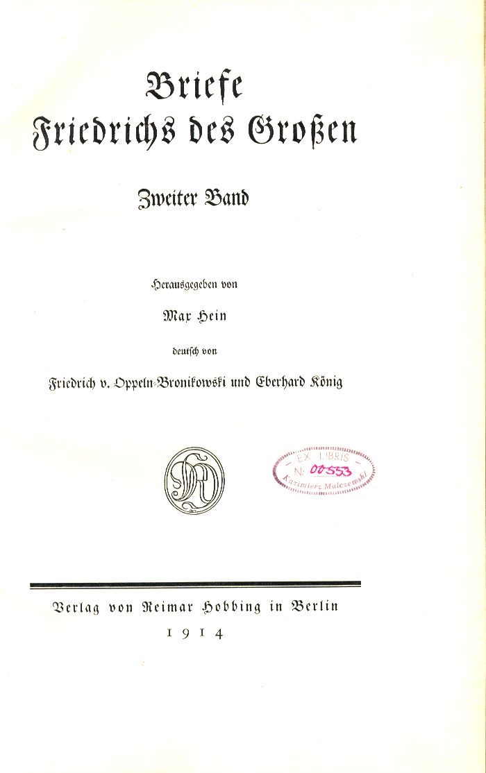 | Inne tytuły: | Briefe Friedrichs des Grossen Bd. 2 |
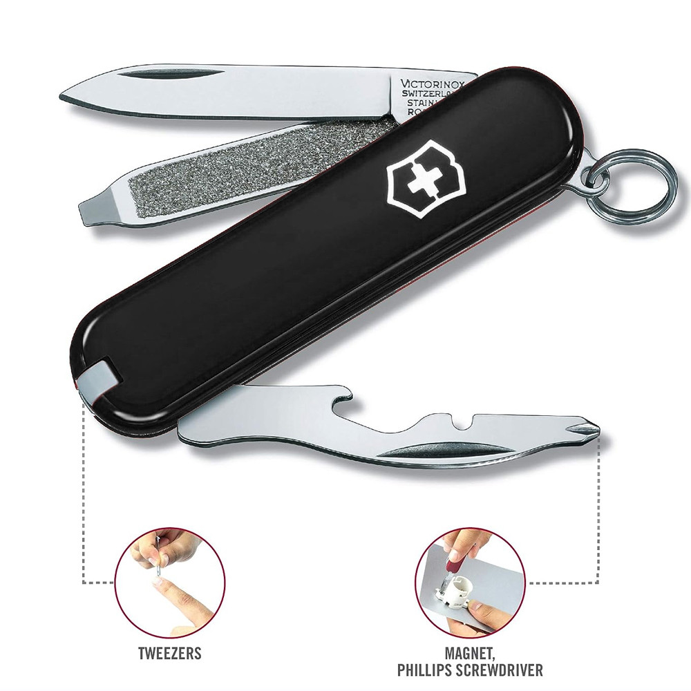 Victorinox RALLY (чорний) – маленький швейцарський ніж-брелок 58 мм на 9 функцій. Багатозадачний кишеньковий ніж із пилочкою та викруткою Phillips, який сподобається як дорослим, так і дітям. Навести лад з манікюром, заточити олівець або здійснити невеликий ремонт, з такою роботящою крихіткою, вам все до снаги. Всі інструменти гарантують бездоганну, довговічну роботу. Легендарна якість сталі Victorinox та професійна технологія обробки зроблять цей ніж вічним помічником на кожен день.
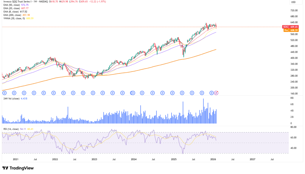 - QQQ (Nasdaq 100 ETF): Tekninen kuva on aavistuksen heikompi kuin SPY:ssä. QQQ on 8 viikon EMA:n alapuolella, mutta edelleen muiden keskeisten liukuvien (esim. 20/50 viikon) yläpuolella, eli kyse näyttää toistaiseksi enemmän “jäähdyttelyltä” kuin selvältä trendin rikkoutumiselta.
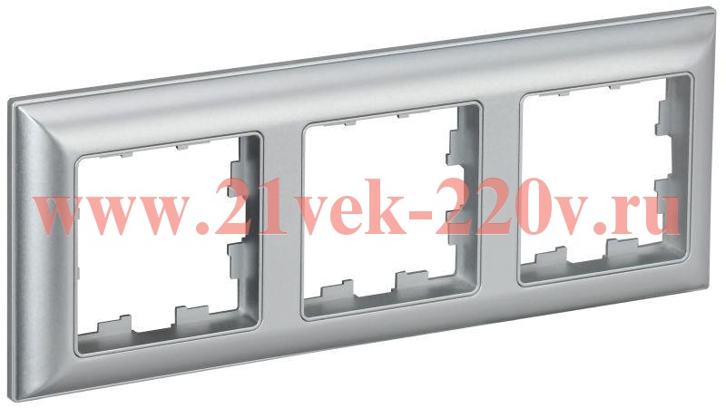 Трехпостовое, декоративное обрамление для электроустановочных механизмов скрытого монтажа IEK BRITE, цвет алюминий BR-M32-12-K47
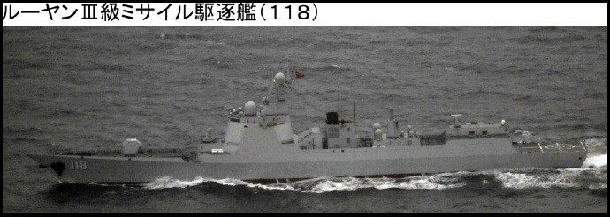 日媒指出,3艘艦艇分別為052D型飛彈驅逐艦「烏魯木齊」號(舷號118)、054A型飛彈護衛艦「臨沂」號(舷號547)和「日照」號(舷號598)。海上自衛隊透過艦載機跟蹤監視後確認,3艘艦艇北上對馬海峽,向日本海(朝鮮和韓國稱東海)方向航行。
^^^^^^^^
## [Your objective]
Extract the run of lines beginning with the line that holds "Трехпостовое, декоративное обрамление" and ending at the last line of the data, inclusive. Exclude any pictures from the copy.

## [Solution to this exercise]
 Трехпостовое, декоративное обрамление для электроустановочных механизмов скрытого монтажа IEK BRITE, цвет алюминий BR-M32-12-K47
 日媒指出,3艘艦艇分別為052D型飛彈驅逐艦「烏魯木齊」號(舷號118)、054A型飛彈護衛艦「臨沂」號(舷號547)和「日照」號(舷號598)。海上自衛隊透過艦載機跟蹤監視後確認,3艘艦艇北上對馬海峽,向日本海(朝鮮和韓國稱東海)方向航行。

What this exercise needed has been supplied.